7.     LIMITATION OF LIABILITY
8BASE WILL NOT BE LIABLE OR OBLIGATED WITH RESPECT TO ANY SUBJECT MATTER OF THIS AGREEMENT OR UNDER ANY CONTRACT, TORT, STRICT LIABILITY OR OTHER LEGAL OR EQUITABLE THEORY, WHETHER OR NOT ADVISED OF THE POSSIBILITY OF SUCH DAMAGES WHATSOEVER, FOR ANY SPECIAL, INDIRECT, INCIDENTAL, EXEMPLARY, PUNITIVE, RELIANCE OR CONSEQUENTIAL DAMAGES, INCLUDING LOSS OF PROFITS, REVENUE, DATA OR USE. IN ADDITION, 8BASE WILL NOT BE LIABLE TO YOU OR ANY OF YOUR AUTHORIZED USERS FOR ANY AMOUNT EXCEEDING THE FEES YOU PAID 8BASE DURING THE SIX (6) MONTH PERIOD PRIOR TO THE EVENT GIVING RISE TO SUCH LIABILITY.

8.     MISCELLANEOUS
If any provision of this Agreement is found to be unenforceable or invalid, that provision will be limited or eliminated to the minimum extent necessary so that this Agreement will otherwise remain in full force and effect and enforceable. This Agreement is not assignable, transferable or sublicensable by You except with 8base’s prior written consent. 8base may transfer and assign any of its rights and obligations under this Agreement without consent. This Agreement is the complete and exclusive statement of the mutual understanding of the parties and supersedes and cancels all previous written and oral agreements, communications and other understandings relating to the subject matter of this Agreement, and that all waivers and modifications must be in a writing signed by both parties, except as otherwise provided herein. No agency, partnership, joint venture, or employment is created as a result of this Agreement and You does not have any authority of any kind to bind 8base in any respect whatsoever. In any action or proceeding to enforce rights under this Agreement, the prevailing party will `be entitled to recover costs and attorneys’ fees.
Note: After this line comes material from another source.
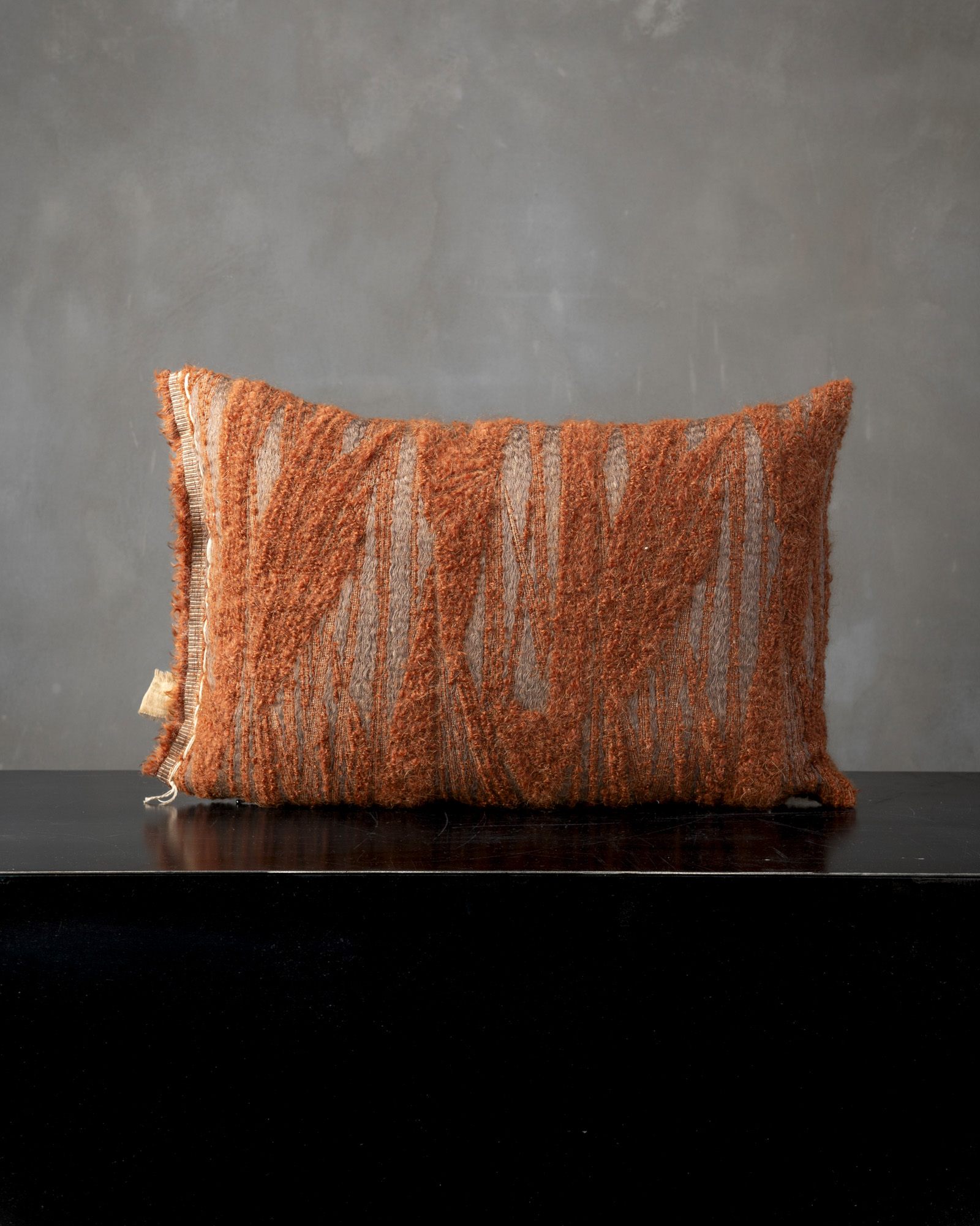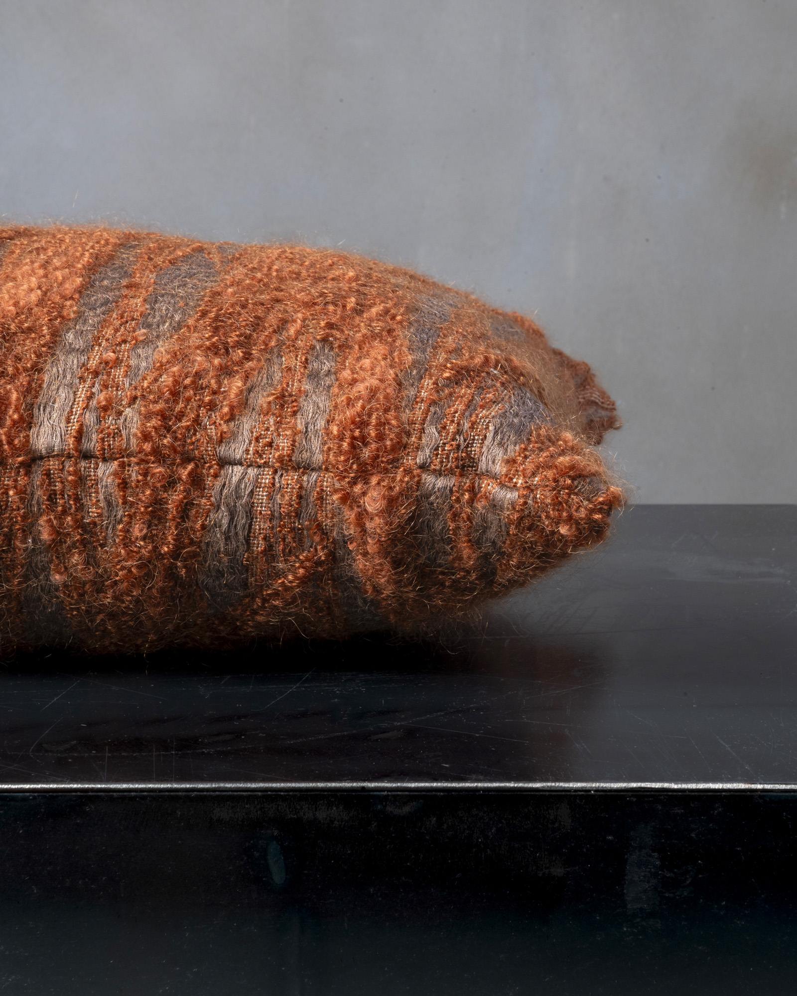 Decorative cushion in mohair. The soft hand envelops the material, conveying an intimate and composed sensation, where every detail finds its own balance. A silent echo of lived-in interiors, where time flows slowly between fabrics and light.
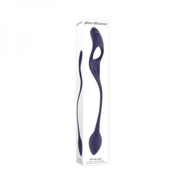 Experience pleasure from tip to tail with this innovative toy that features a vibrating plug on one end and a vibrating penis ring on the other, with a long, flexible tail in between that offers up multiple possibilities, solo or not.

All notices under this Agreement will be in writing and will be deemed to have been duly given when received, if personally delivered or when receipt is electronically confirmed if transmitted by facsimile or e-mail; or shall be deemed to have been received the day after it is sent if sent for next day delivery by recognized overnight delivery service. This Agreement shall be governed by the laws of the State of Florida without regard to its conflict of laws provisions. Venue for any disputes related to this Agreement in any manner shall be subject to the mandatory jurisdiction of a court of competent jurisdiction in Miami-Dade County, Florida.